TASK DETAILS => Please repeat the records beneath this task exactly as they appear, but skip the images.

[STUDY MATERIAL]

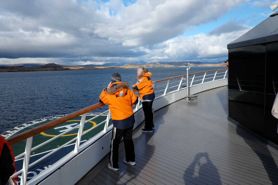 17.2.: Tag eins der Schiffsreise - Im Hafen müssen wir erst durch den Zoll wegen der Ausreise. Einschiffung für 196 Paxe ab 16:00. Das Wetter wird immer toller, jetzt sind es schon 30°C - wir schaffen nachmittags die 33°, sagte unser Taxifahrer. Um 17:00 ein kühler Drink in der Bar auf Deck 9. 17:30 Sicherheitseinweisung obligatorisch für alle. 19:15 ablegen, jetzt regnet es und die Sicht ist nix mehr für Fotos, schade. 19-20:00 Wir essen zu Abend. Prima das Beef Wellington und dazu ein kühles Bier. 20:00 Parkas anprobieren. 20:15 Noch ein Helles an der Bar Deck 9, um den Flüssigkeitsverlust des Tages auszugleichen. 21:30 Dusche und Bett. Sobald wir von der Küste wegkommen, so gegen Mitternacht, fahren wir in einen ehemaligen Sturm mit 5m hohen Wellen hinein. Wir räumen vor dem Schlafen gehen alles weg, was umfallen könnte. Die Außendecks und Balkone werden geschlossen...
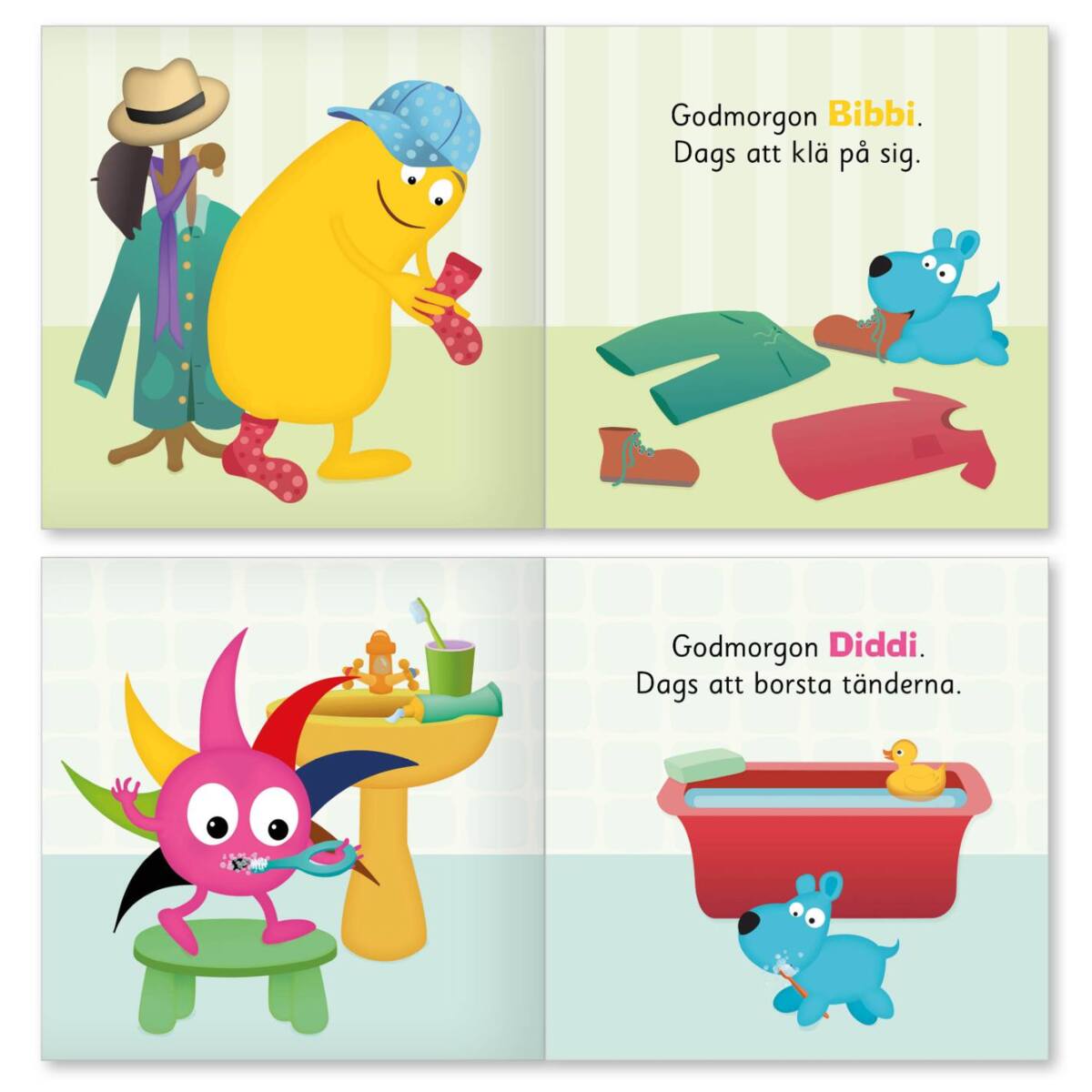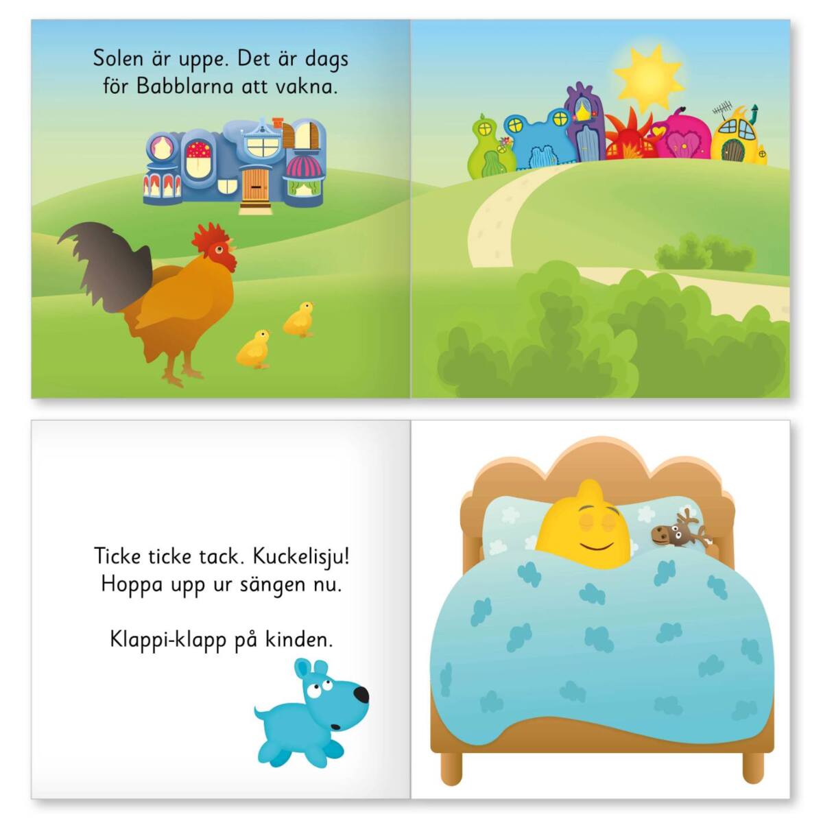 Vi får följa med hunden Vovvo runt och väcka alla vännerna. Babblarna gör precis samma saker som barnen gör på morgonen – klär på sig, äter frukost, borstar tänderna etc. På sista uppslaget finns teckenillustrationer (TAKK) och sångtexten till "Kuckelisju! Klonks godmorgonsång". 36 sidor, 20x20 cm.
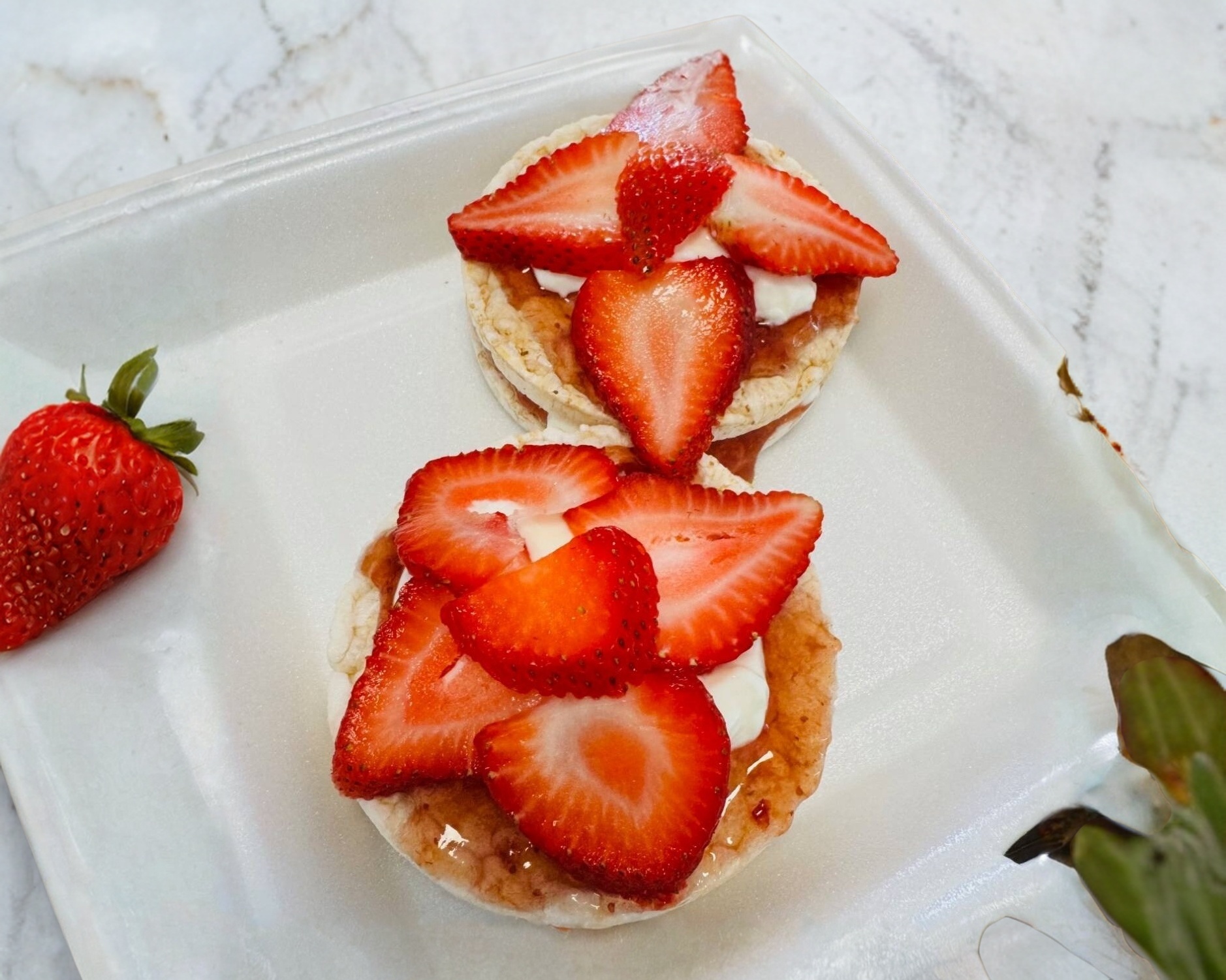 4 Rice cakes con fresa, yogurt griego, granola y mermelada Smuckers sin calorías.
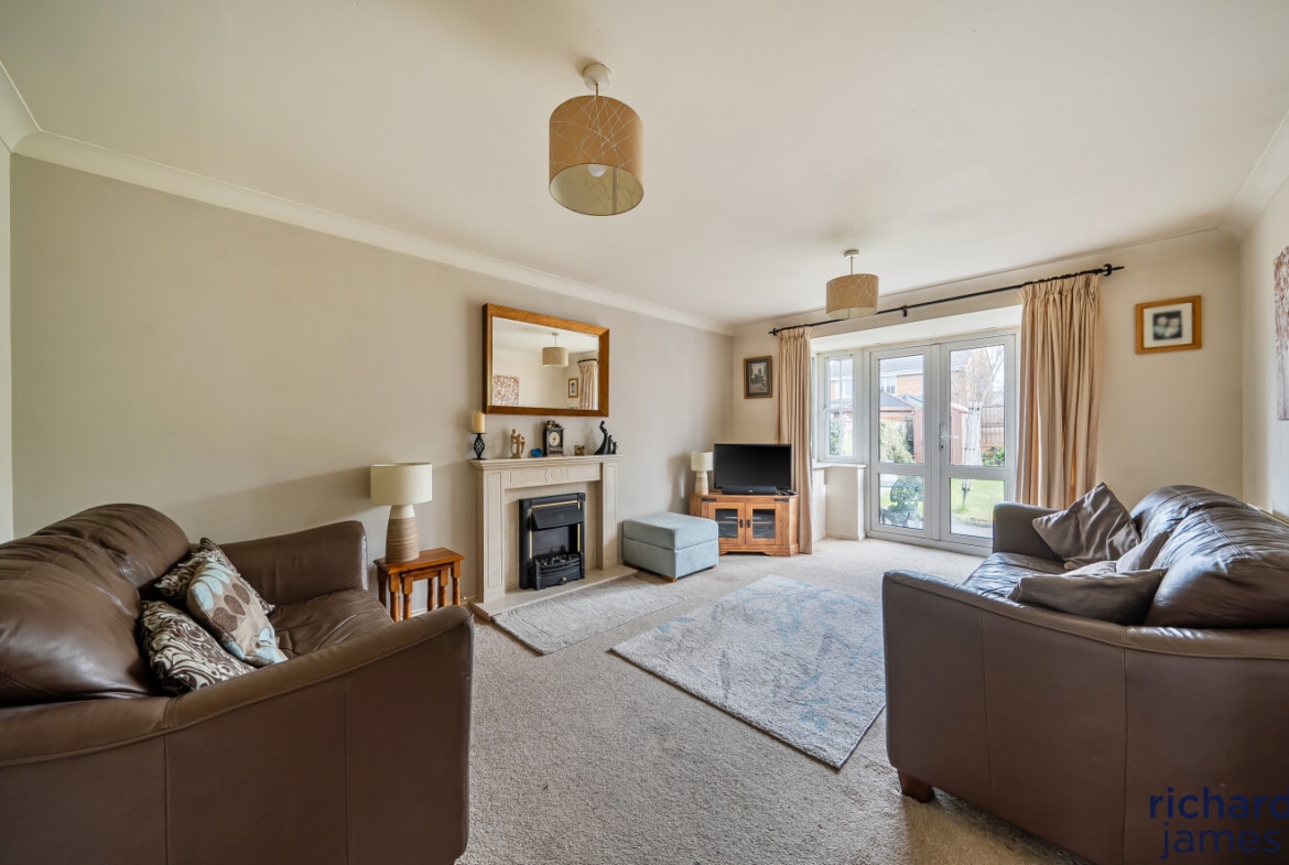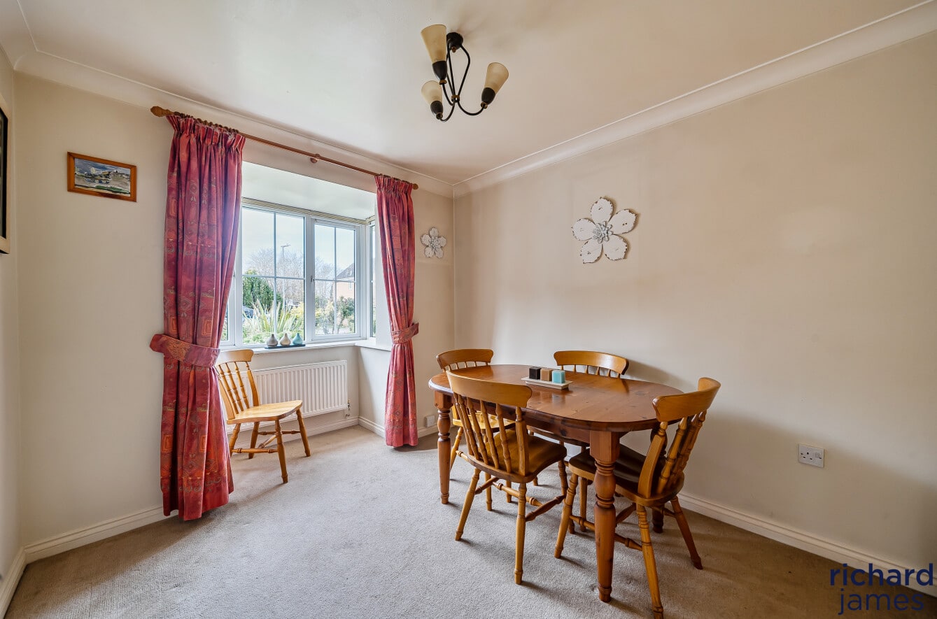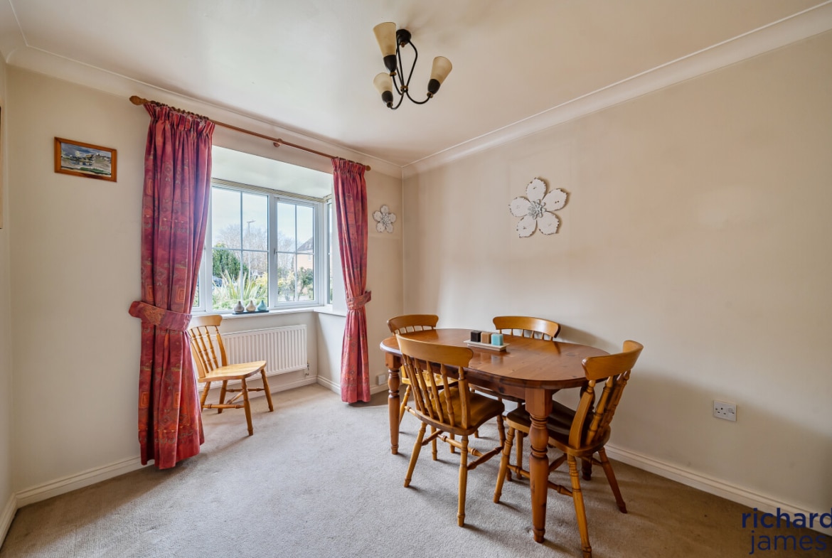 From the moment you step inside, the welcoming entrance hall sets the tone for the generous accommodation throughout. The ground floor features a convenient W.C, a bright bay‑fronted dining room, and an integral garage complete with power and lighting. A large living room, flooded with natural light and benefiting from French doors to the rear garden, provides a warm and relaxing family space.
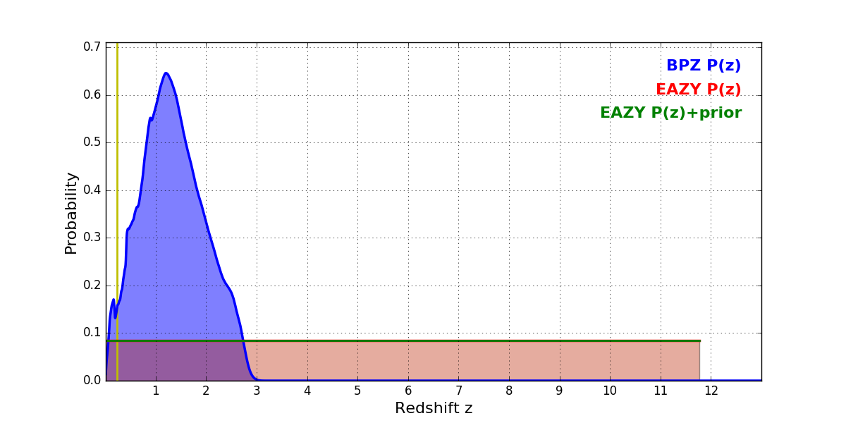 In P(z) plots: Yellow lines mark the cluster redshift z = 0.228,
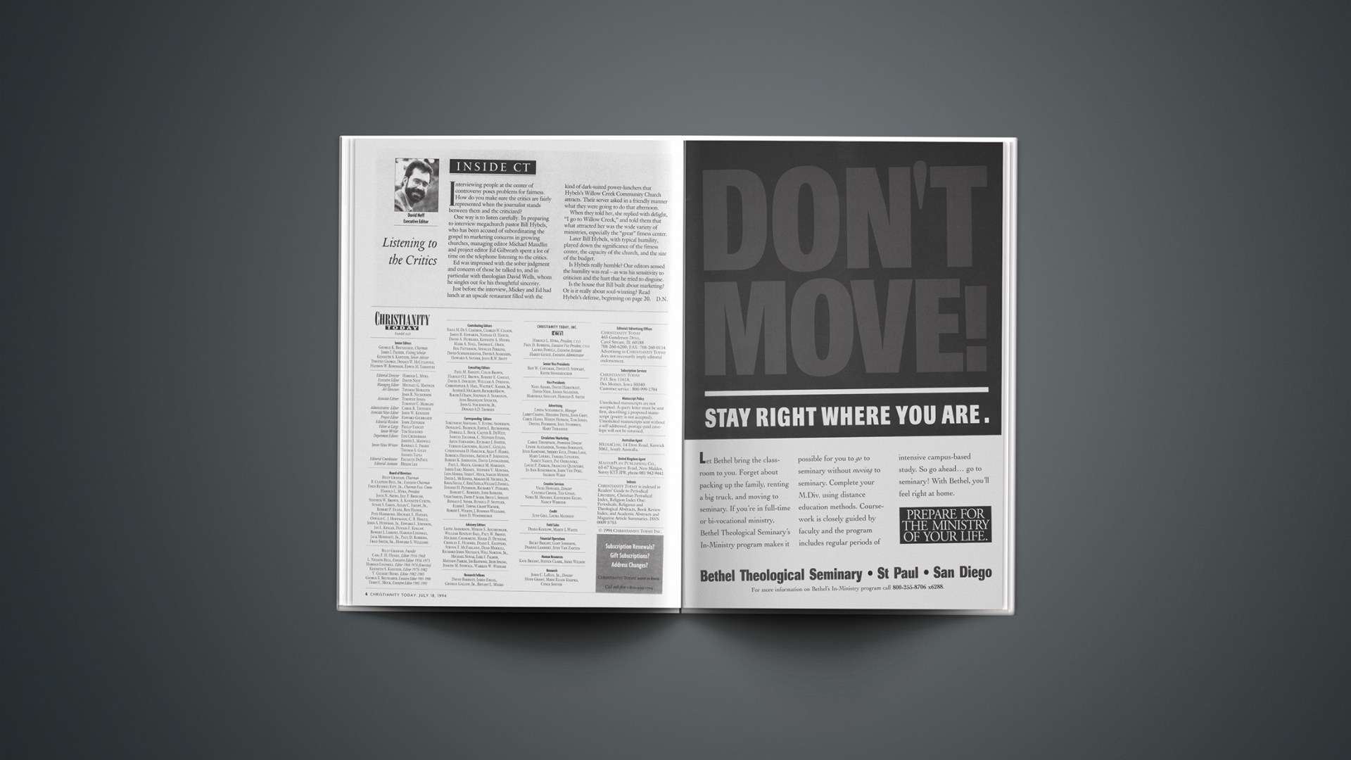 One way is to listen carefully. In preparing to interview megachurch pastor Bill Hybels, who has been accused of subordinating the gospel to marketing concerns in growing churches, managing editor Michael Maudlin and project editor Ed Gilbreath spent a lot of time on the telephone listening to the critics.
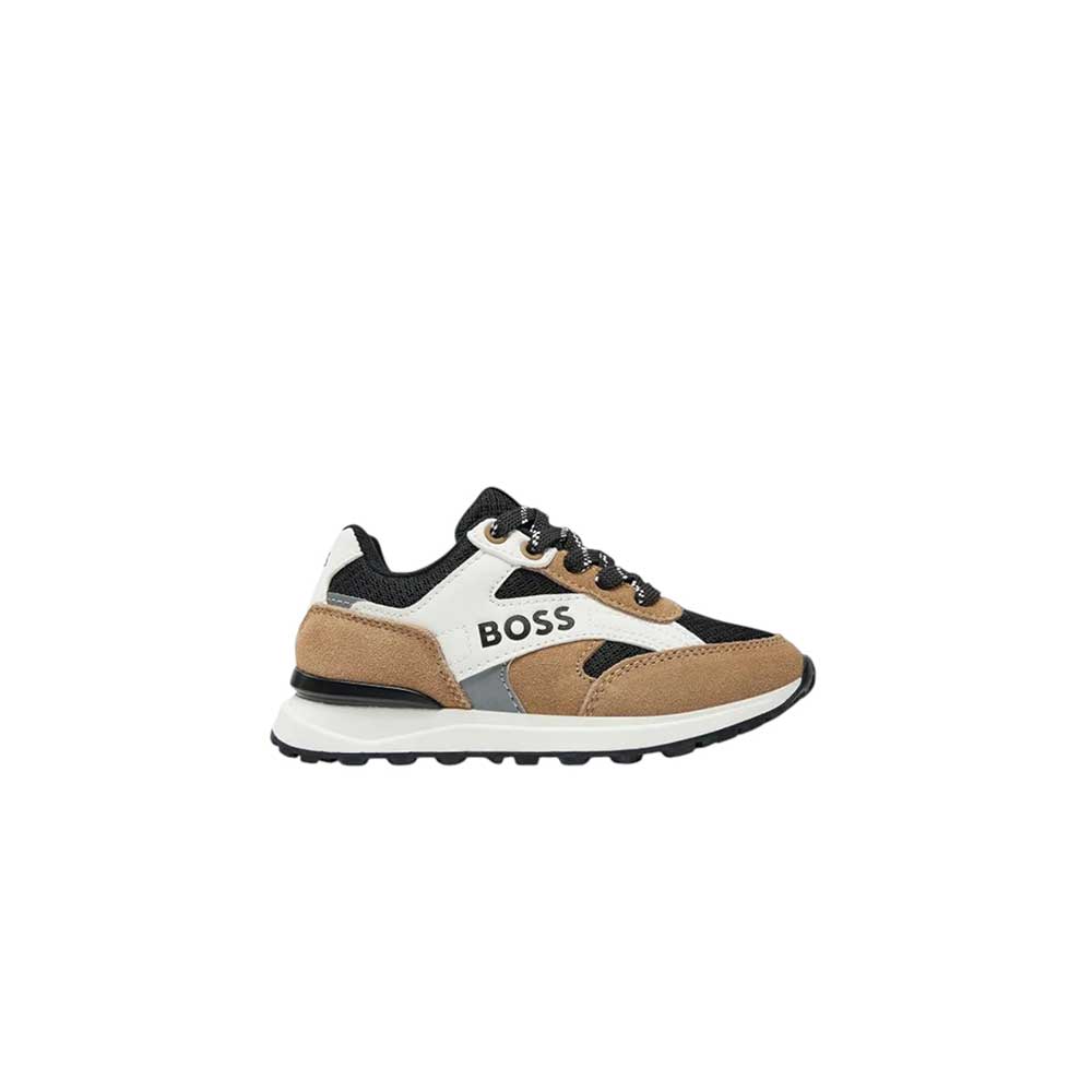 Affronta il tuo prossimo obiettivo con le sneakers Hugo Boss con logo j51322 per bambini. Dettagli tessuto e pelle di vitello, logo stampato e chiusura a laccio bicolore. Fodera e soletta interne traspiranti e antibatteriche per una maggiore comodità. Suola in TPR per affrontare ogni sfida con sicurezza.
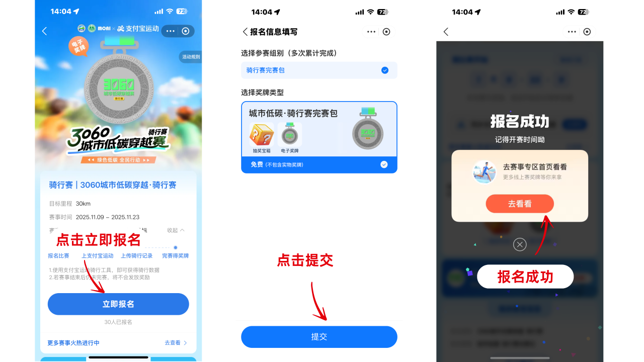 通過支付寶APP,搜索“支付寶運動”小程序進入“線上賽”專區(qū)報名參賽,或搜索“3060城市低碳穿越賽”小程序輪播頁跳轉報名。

[/STUDY MATERIAL]

ANSWER BOX =>
 17.2.: Tag eins der Schiffsreise - Im Hafen müssen wir erst durch den Zoll wegen der Ausreise. Einschiffung für 196 Paxe ab 16:00. Das Wetter wird immer toller, jetzt sind es schon 30°C - wir schaffen nachmittags die 33°, sagte unser Taxifahrer. Um 17:00 ein kühler Drink in der Bar auf Deck 9. 17:30 Sicherheitseinweisung obligatorisch für alle. 19:15 ablegen, jetzt regnet es und die Sicht ist nix mehr für Fotos, schade. 19-20:00 Wir essen zu Abend. Prima das Beef Wellington und dazu ein kühles Bier. 20:00 Parkas anprobieren. 20:15 Noch ein Helles an der Bar Deck 9, um den Flüssigkeitsverlust des Tages auszugleichen. 21:30 Dusche und Bett. Sobald wir von der Küste wegkommen, so gegen Mitternacht, fahren wir in einen ehemaligen Sturm mit 5m hohen Wellen hinein. Wir räumen vor dem Schlafen gehen alles weg, was umfallen könnte. Die Außendecks und Balkone werden geschlossen...
 Vi får följa med hunden Vovvo runt och väcka alla vännerna. Babblarna gör precis samma saker som barnen gör på morgonen – klär på sig, äter frukost, borstar tänderna etc. På sista uppslaget finns teckenillustrationer (TAKK) och sångtexten till "Kuckelisju! Klonks godmorgonsång". 36 sidor, 20x20 cm.
 4 Rice cakes con fresa, yogurt griego, granola y mermelada Smuckers sin calorías.
 From the moment you step inside, the welcoming entrance hall sets the tone for the generous accommodation throughout. The ground floor features a convenient W.C, a bright bay‑fronted dining room, and an integral garage complete with power and lighting. A large living room, flooded with natural light and benefiting from French doors to the rear garden, provides a warm and relaxing family space.
 In P(z) plots: Yellow lines mark the cluster redshift z = 0.228,
 One way is to listen carefully. In preparing to interview megachurch pastor Bill Hybels, who has been accused of subordinating the gospel to marketing concerns in growing churches, managing editor Michael Maudlin and project editor Ed Gilbreath spent a lot of time on the telephone listening to the critics.
 Affronta il tuo prossimo obiettivo con le sneakers Hugo Boss con logo j51322 per bambini. Dettagli tessuto e pelle di vitello, logo stampato e chiusura a laccio bicolore. Fodera e soletta interne traspiranti e antibatteriche per una maggiore comodità. Suola in TPR per affrontare ogni sfida con sicurezza.
 通過支付寶APP,搜索“支付寶運動”小程序進入“線上賽”專區(qū)報名參賽,或搜索“3060城市低碳穿越賽”小程序輪播頁跳轉報名。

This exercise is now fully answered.